Deferoxamine improves coronary vascular responses to sympathetic stimulation in patients with type 1 diabetes mellitus.

Effects of oxygen-derived free radicals are suggested to be a potential pathogenic factor for endothelial dysfunction. In this study we sought to evaluate the effect of hydroxyl radicals on the human coronary vascular bed in type I diabetes mellitus using positron emission tomography (PET). Thirteen patients with type 1 diabetes underwent PET using nitrogen-13 ammonia at rest and during sympathetic stimulation with the cold pressor test (CPT). The rest-stress study protocol was repeated twice (on different days) using pre-stress infusion of either saline as placebo or deferoxamine, an iron chelator which inhibits generation of hydroxyl radicals. At rest, global MBF was higher in diabetics than in normal controls (78.1+/-17.5 vs 63.2+/-14.9 mg 100 g(-1) min(-1), P<0.05) and myocardial vascular resistance (MVR) showed a trend towards lower values (patients, 1.28+/-0.35; controls, 1.55+/-0.32, P=NS). CPT increased MBF in all controls while 7/13 diabetics responded normally. CPT decreased MVR in 10/13 controls but in only 4/13 diabetics. There was no significant difference in the duration of diabetes, HbA1c, daily insulin dose, body mass index, or lipid profiles between patients with and patients without abnormal MBF or MVR responses. Pre-stress infusion of deferoxamine normalized MBF response in all six patients, and MVR response in six of the nine patients.
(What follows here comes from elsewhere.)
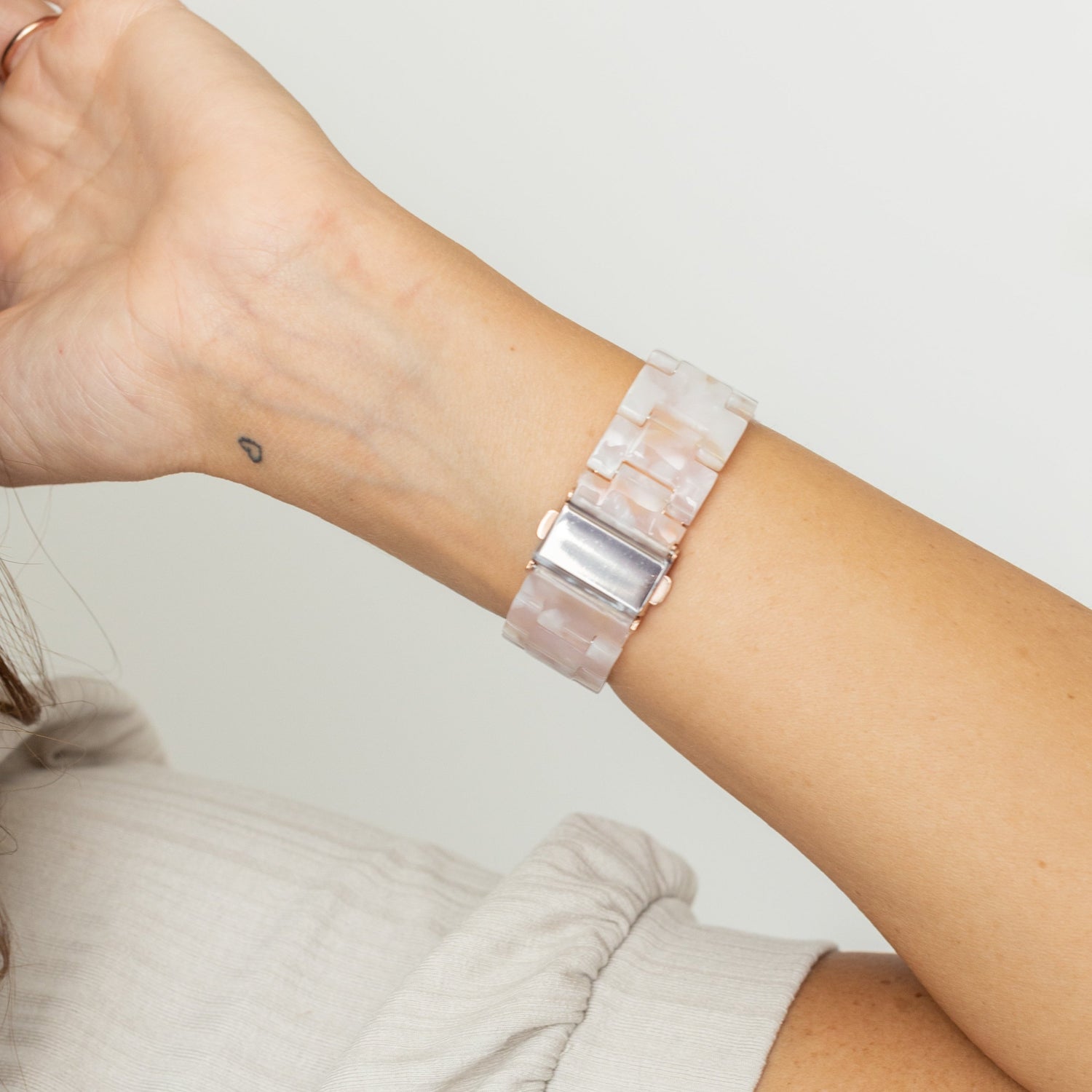 Show off your style in this beautiful band. It is made from high-quality acrylic. The sleekest, look for your Apple Watch band. It features a two tone sleek marbled design with removable links for wrist sizing adjustments.

Another group consisting of seven patients underwent a rest-rest protocol after infusion of deferoxamine and saline to investigate the effect of deferoxamine on resting MBF. Deferoxamine did not change the resting MBF (deferoxamine, 81+/-17 ml 100 g(-1) min(-1); saline, 75+/-19 ml 100 g(-1) min(-1), P=NS) or MVR (deferoxamine, 1.0+/-0.5 mmHg ml(-1) 100 g(-1) min(-1); saline, 1.2+/-0.6 mmHg ml(-1) 100 g(-1) min(-1), P=NS). In conclusion, inhibition of hydroxyl radical formation using deferoxamine significantly improved the responses of coronary microvasculature to sympathetic stimulation. Hydroxyl radicals may play a role in the pathogenesis of flow abnormalities in type 1 diabetes.